Lors d’études de caractérisation de l’habitat menées en 2002 et en 2003 dans 25 sites occupés, Holschuh (2004) a observé que la majorité d’entre eux se trouvaient dans une structure forestière complexe, nommément des forêts anciennes et matures où les chicots étaient assez abondants. La hauteur moyenne des arbres vétérans était de 37,4 m (± 8,74 m é.-t.). La hauteur du couvert forestier principal était de 28,2 ± 7,24 m et celle du sous-étage, de 17,5 ± 5,53 m. Le couvert forestier principal présentait généralement la plus grande densité (couverture de 25 p. 100 à 50 p. 100), alors que les autres couches arborées présentaient généralement une couverture de moins de 25 p. 100. Dans les lieux occupés, les espèces d’arbres les plus communes étaient la pruche occidentale (Tsuga heterophylla), l’épinette de Sitka (Picea sitchensis), le thuya géant (Thuja plicata) et, dans une moindre mesure, la pruche subalpine (Tsuga mertensiana), le cyprès jaune (Chamaecyparis nootkatensis) et le pin tordu (Pinus contorta).
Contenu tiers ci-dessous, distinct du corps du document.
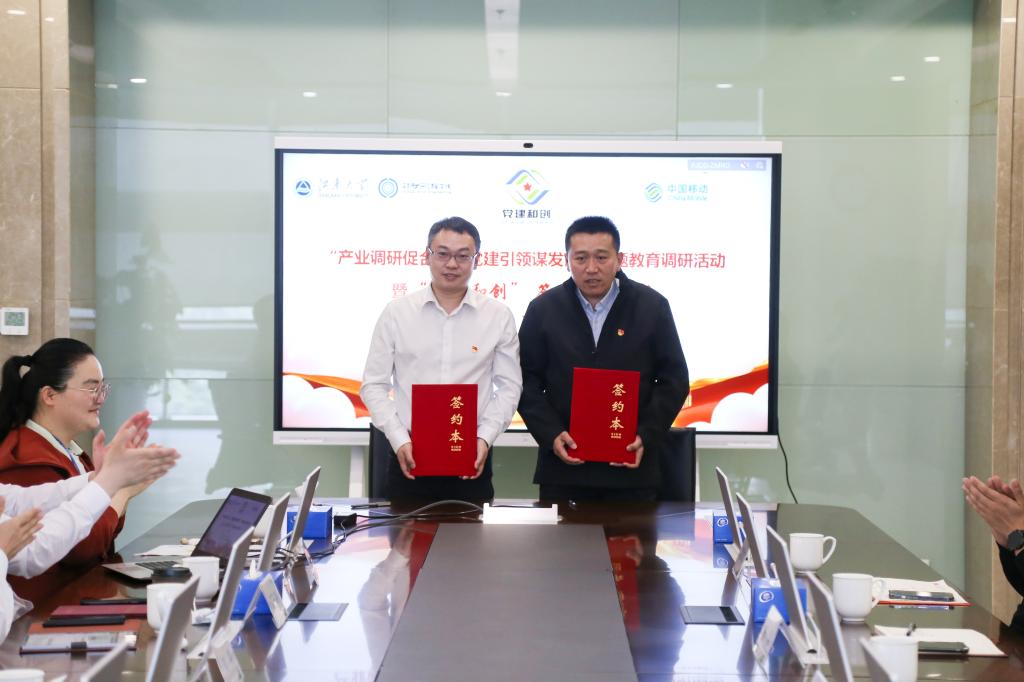 随后,黄漫 物联网工程学院办公室党支部书记安君、中国移动无锡公司滨湖营销中心党支部书记刘炜分别作为院企双方代表,在支部党员的见证下,签订“党建和创”主题实践共建协议。

De manière générale, l’habitat de reproduction de la Petite Nyctale à Haida Gwaii se trouve dans les forêts matures et anciennes structurellement complexes (Gill et Cannings, 1997; Holschuh, 2004). L’étage supérieur du couvert forestier y est généralement composé de vieux arbres qui ont survécu aux perturbations et d’une couche plus jeune en régénération composée d’arbres tolérants à l’ombre qui en sont à différents stades d’établissement (Meidinger, 1999). Ce sont ces anciennes forêts structurellement complexes qui comptent le plus grand nombre de cavités de nidification appropriées, lesquelles semblent être un facteur limitatif à l’échelle du paysage (Doyle, données inédites).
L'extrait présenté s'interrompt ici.